November 29, 2021


by: admin


Tags: Attacks, House, Meltdowns, Messy, Panic, Provoked, stress


Categories: adhd

My Messy Home Provoked Stress, Meltdowns, Panic Assaults

I’ve always been organized. Even before I had children, I had an aversion to clutter. I just find it hard to relax when there are things everywhere.

That means, of course, that I married someone who doesn’t care about clutter, doesn’t really care about clutter, and leaves clutter everywhere. Laure used to come in the door and toss her handbag on the couch, where half the contents regularly leak out, and then toss one flip-flop and the other across the room in wild arcs.

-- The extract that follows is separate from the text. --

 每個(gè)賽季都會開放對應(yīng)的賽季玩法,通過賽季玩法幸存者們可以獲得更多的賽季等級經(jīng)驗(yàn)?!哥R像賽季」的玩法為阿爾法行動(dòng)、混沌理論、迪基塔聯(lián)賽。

So when we had kids and the mess kept increasing, she usually shrugged. “Children make chaos,” she said. I was struggling to adjust now. If I wanted to sit on the couch, I had to move toys out of the way. If I wanted to drink my coffee in bed, I had to clear my bedside table of half-empty juice boxes and half-eaten snack bags. And when I went to bed at night, I had to clean up crumbs – unfortunately.

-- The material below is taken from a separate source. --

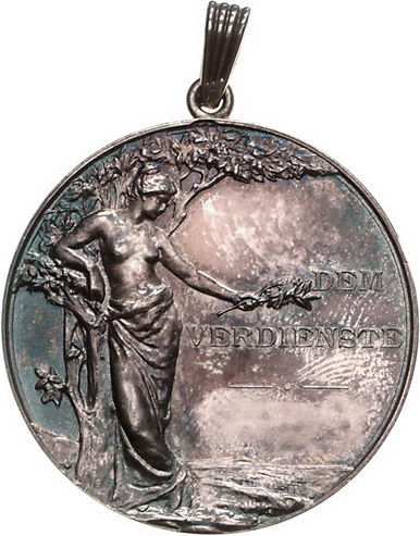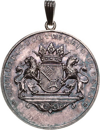 Los-Nummer: Auktion 51 - 708 Altdeutsche Münzen und Medaillen Bremen, Stadt Medaillen, Tragbare Medaille o.J., Prämie des Geflügelzuchtvereins. Weibliche Person mit Lorbeerzweig in ihrer Linken lehnt an Baum, rechts zwei Zeilen Schrift / Zwei Löwen halten gekröntes Bremer Wappen. 39,5 mm, 22,59 g. Etui. Kl. Randfehler, vorzüglich - prägefrisch Schätzpreis: 125,- Zuschlag: 100,- |

Now we have three teenagers and one preteen and a fairly long list of neurological diagnoses. The impact on my mood of living in a messy house with five messy roommates may have been hard to manage when I was working in an office, but we were all doomed when the quarantine began.

For months I became more and more irritable and uncomfortable. Going to the gym didn’t seem to have any effect, nor did the antidepressant I’ve been taking for years. Eventually, after a few weeks of daily breakouts, breakdowns, and panic attacks, I realized that I needed help. And I’ve reduced my options menu to three:

  1. Go to my GP about my antidepressant
  2. Go back to the office
  3. Find a therapist / counselor

[Get This Download: Your Free Guide for Controlling Clutter]

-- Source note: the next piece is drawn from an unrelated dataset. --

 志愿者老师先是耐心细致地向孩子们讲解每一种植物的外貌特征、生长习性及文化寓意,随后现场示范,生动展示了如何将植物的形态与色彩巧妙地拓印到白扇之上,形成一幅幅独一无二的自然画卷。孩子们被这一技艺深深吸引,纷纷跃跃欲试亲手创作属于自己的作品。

I made an appointment with my doctor and within two days I had an appointment. I told him about my three solutions and he agreed that they were all great ideas. Then he wrote out a prescription to double the daily dose of my current medication and we set up a 30-day appointment to discuss the result.

Then I contacted my company to return to the office. My current role as a trainer requires multiple zoom / video calls a day so I couldn’t work in a cubicle without disturbing my colleagues who were also in the office. So I took over an empty office and had a lot of fun decorating it with lamps and records.

Eventually I found an advisor who accepted my insurance and I have now had two sessions. I’m talking about being a husband and a father and work stress. We meet weekly, which is more money than I want to spend, but I’m making progress so I’ll be sticking to that schedule for now.

It has been three weeks since I put this plan into action and the results started almost immediately. The drug has improved my mood and stressors have less of a physiological effect on me. Being in the office all day means that I can concentrate more on work – and not on whether shoes are strewn all over the place or snacks are open and unattended in every room. Plus, when I get home at the end of the day I don’t seem to mind that the house is messy. I’ve been away all day and I guess I don’t want to berate the kids as soon as I walk through the door.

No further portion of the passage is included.